You can get the api-key from your service dashboard in the Azure portal. For more information, see Find existing keys.

Request Body

The body of the request contains a data source definition, which includes type of the data source, credentials to read the data, as well as an optional data change detection and data deletion detection policies that are used to efficiently identify changed or deleted data in the data source when used with a periodically scheduled indexer

The following JSON is a high-level representation of the main parts of the definition.

{   
    "name" : (optional on PUT; required on POST) "Name of the data source",  
    "description" : (optional) "Anything you want, or nothing at all",  
    "type" : (required) "Must be a supported data source",
    "credentials" : (required) { "connectionString" : "Connection string for your data source" },  
    "container" : (required) { "name" : "Name of the table, collection, or blob container you wish to index" },  
    "dataChangeDetectionPolicy" : (optional) {See below for details },   
    "dataDeletionDetectionPolicy" : (optional) {See below for details }  
}  

Request contains the following properties:

Property Description
name Required. The name of the data source. A data source name must only contain lowercase letters, digits or dashes, cannot start or end with dashes and is limited to 128 characters.
description An optional description.
type Required. Must be one of the supported data source types:

1. azuresql for Azure SQL Database
2. cosmosdb for the Azure Cosmos DB SQL API
3. azureblob - Azure Blob Storage
4. azuretable - Azure Table Storage
credentials The required connectionString property specifies the connection string for the data source. The format of the connection string depends on the data source type:

- For Azure SQL Database, this is the usual SQL Server connection string. If you're using Azure portal to retrieve the connection string, use the ADO.NET connection string option.
- For Azure Cosmos DB, the connection string must be in the following format: "AccountEndpoint=https://[your account name].documents.azure.com;AccountKey=[your account key];Database=[your database id]". All of the values are required. You can find them in the Azure portal.

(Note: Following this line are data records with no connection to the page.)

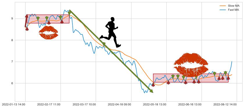 01-14 14:00至02-24 11:00 慢线与快线多次接触,存在上下穿越,有缠绕
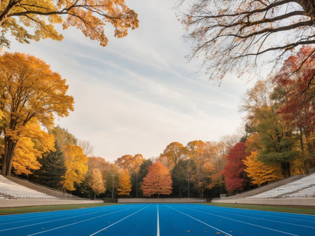 AI Generated. Blue running track in stadium surrounded by autumn trees
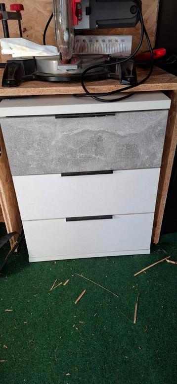 Een ladekast met drie laden. De bovenste lade heeft een grijs patroon en de twee onderste laden zijn wit. De handgrepen zijn zwart.

Azure Storage, Azure SQL Database, and Azure Cosmos DB also support a managed identity connection string that does not include an account key in the connection string. To use the managed identity connection string format, follow the instructions for Setting up an indexer connection to a data source using a managed identity.

If you are updating the data source, the connection string is not required. The values <unchanged> or <redacted> can be used in place of the actual connection string.
container Required. Specifies the data to index using the name and query properties:

name, required:
- Azure SQL: specifies the table or view. You can use schema-qualified names, such as [dbo].[mytable].
- Azure Cosmos DB: specifies the SQL API collection.
- Azure Blob Storage: specifies the storage container.
- Azure Table Storage: specifies the name of the table.

query, optional:
- Azure Cosmos DB: allows you to specify a query that flattens an arbitrary JSON document layout into a flat schema that Azure Cognitive Search can index.
- Azure Blob Storage: allows you to specify a virtual folder within the blob container. For example, for blob path mycontainer/documents/blob.pdf, documents can be used as the virtual folder.
- Azure Table Storage: allows you to specify a query that filters the set of rows to be imported.
- Azure SQL: query is not supported. Use views instead.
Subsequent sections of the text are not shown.